I started making this in the winter, serving it in a small fondue bowl with crudites and chips, but I made it the other night during our beach vacation and served it room temperature. It’s so easy and delicious, you would be amazed at how versatile this dip can be. You can store it in the fridge and either warm it up in the microwave and spread it on sandwiches or on leftover burgers from the grill. I promise you, this will be a staple. I use a Vitamix for this recipe, but if you have a regular blender or even a food processor, that should work.

Adapted from Nora Cooks.

Ingredients

2 cups raw or roasted cashews. I’ve used both and have a slight preference for the roasted, unsalted cashews Trader Joe’s sells

1/2 cup water

4 tablespoons fresh lemon juice, from about 2 small lemons

2 teaspoons salt

1/2 cup nutritional yeast

28 ounce canned Trader Joes diced and fire roasted tomatoes and green chiles. If you can’t find these, you can use regular canned diced tomatoes and add a small can of green chiles

Instructions

Soak the cashews in boiling or hot water for about 5 minutes to soften them.

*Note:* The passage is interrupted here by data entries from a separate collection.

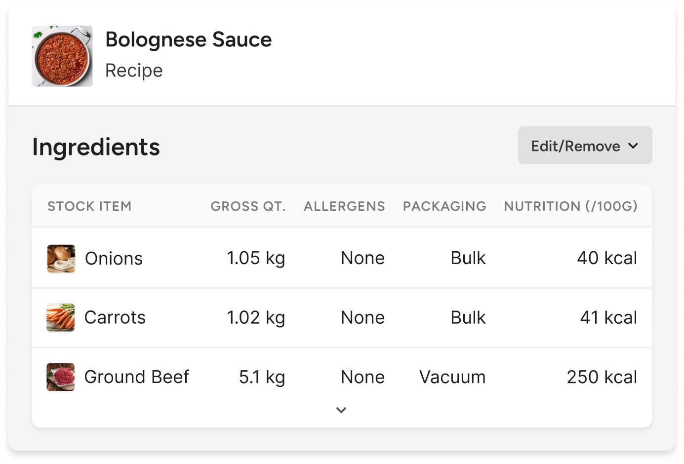 Creating new dishes is easy with our drag-and-drop recipe builder. Development chefs can select ingredients directly from their lists, set portion sizes, and let the software handle the rest.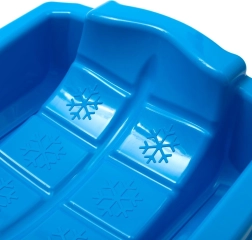 Lahke in vzdržljive plastične sani Baby Mix Karol v modri barvi za otroke od 3 do 7 let zagotavljajo zimsko zabavo in varnost. Zahvaljujoč integriranim zavoram imate boljši nadzor smeri in varno ustavljanje na klancu. Sani so iz na mraz odporne plastike do -20 °C, imajo čvrsto vlečno vrv z ročajem in izpolnjujejo certifikate CE, EN 71-1/2/3.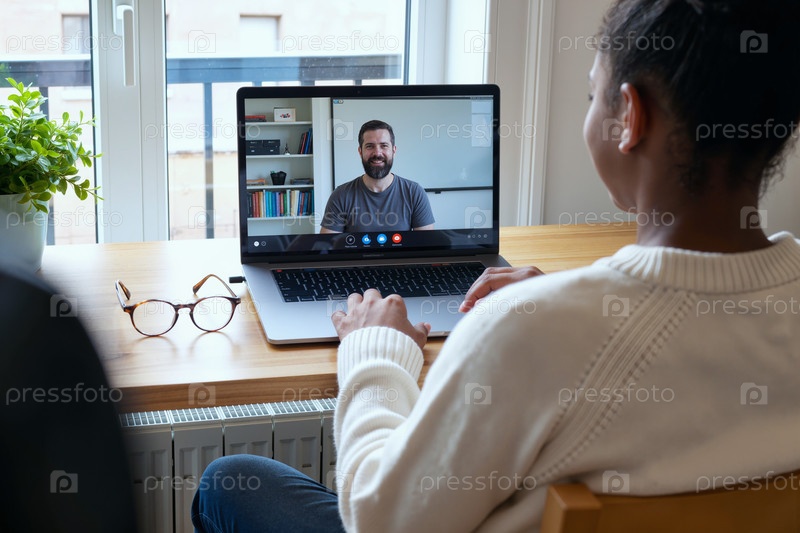 Молодой взрослый белый мужчина улыбается во время видеозвонка с молодой взрослой женщиной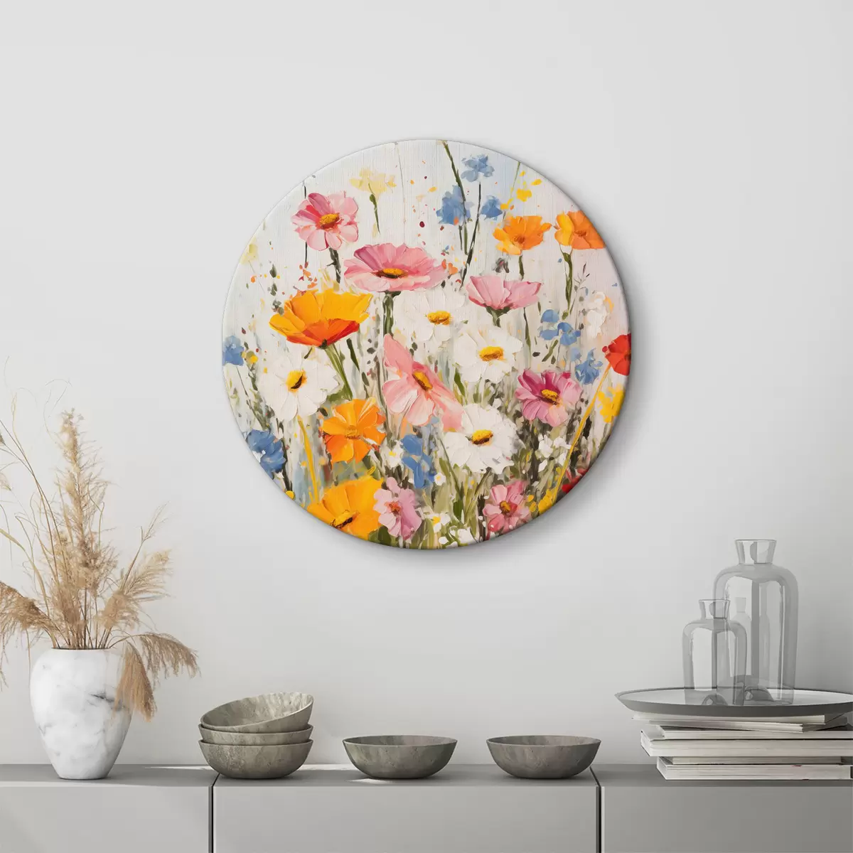 Ronde schilderijen Abstract veld bloemen r40504

Add the drained soaked cashews, water, lemon juice, salt, and nutritional yeast to a Vitamix or blender or food processor. Drain the juice from the tomatoes and green chiles and add the liquid to the blender as well. Set the tomatoes aside.

Blend on high for 2 minutes until very smooth. Don’t be surprised if the mixture gets very hot or even smokes a bit.

Transfer the mixture from the blender to a small saucepan and add the tomatoes/chiles while stirring frequently on low heat. Be careful not to burn the queso. The mixture will thicken slightly.

Serve while warm or at room temperature with chips or sliced bell peppers, carrots, cucumbers, celery, or radishes - whatever you’ve got on hand.

Enjoy!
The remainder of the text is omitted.